The .sst format contains 3 tab-separated columns:

  1. sentence ID, if present in input
  2. human-readable MWE(+supersense) analysis of the sentence (supersense labels will only be included here if tags2sst.py is run with the -l option)
  3. a JSON object containing:
    • words: the tokens and their POS tags
    • lemmas
    • tags: predicted MWE+supersense tags
    • labels: mapping from token offset to supersense label (for strong MWEs, it is only the first token in the MWE)
    • _: strong MWE groupings of token offsets
    • ~: weak MWE groupings of token offsets (including all tokens of strong MWEs that are constituents of weak MWEs)

Note that token offsets are 1-based (as in the .tags format).

To see just the human-readable output, use:

$ cut -f2 example.pred.mwe
Sounds|`a haunting|motion , and a little bit|TIME Harry_Potter|GROUP , but I want|cognition to check_ it _out|social .
YEAR|TIME 3 : Hermione held|social her own when Draco_Malfoy|PERSON and his minions|PERSON gave_ her _grief|possession .
The silver_screen|ARTIFACT adventures|ACT of Harry|LOCATION~,~Ron|LOCATION and Hermione|PERSON have|`a been|stative a magic pot|QUANTITY of gold|POSSESSION for Hollywood_studio|GROUP Warner_Bros|LOCATION , with the seven films|COMMUNICATION released|change so_far grossing|possession $ 6.4 billion in ticket|POSSESSION sales|POSSESSION and billions|ARTIFACT more from DVDs|ARTIFACT and merchandise|ARTIFACT .

Learning and Evaluation

The evaluation scripts are src/mweval.py (for segmentation only) and src/ssteval.py (for supersense labels only).

MWE+supersense model: The default model (sst.model) was trained with the hyperparameter settings: --cutoff 5 --iters 4 (these were tuned by cross-validation on the training data).
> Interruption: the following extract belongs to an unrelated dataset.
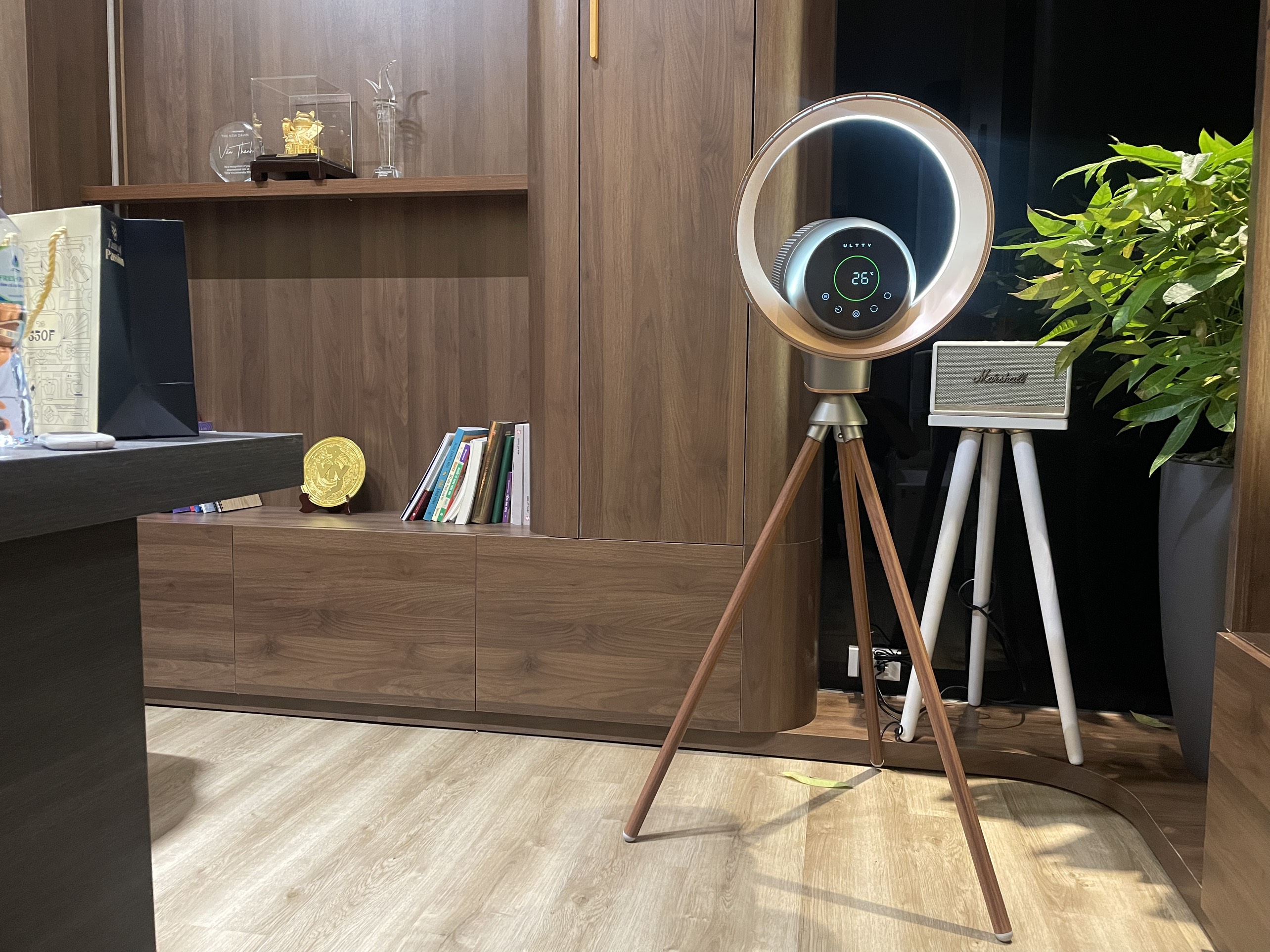 - ULTTY BB sử dụng đèn khí quyển học vòng tròn bo xung quanh viền quạt. Giúp thẩm Mỹ sang trọng, đồng thời kết hợp làm đèn ngủ, đen trang trí, sử dụng hoàn toàn độc lập với các chức năng khác

See (Schneider et al., NAACL-HLT 2015) for details, and REPLICATE.md for detailed instructions on replicating the main results from that paper.

MWE-only model: The script train_test_mwe.sh executes the full pipeline of corpus preprocessing, POS tagging, training, test set prediction, and evaluation that constitutes the best experimental setting with automatic POS tags in (Schneider et al., TACL 2014). To replicate it, you will need the CMWE 1.0 corpus as well as the ARK TweetNLP POS Tagger and ewtb_pos.model. You will have to edit the ark variable in train_test_mwe.sh to point to the POS tagger directory.

Contributing

Development of this software is tracked on GitHub. To contribute, open an issue or submit a pull request. See DEVELOPER for a note about the pyutil subdirectory.

History

  • 2.0: 2015-03-29. Added noun and verb supersense tagging (AMALGrAM).
  • 1.0: 2014-04-20. Multiword expression tagger (AMALGr).

This software was developed by Nathan Schneider.

The codebase originated as a Python port of Michael Heilman's Java supersense tagger for English, which was a reimplementation of the system described in Ciaramita and Altun (EMNLP 2006).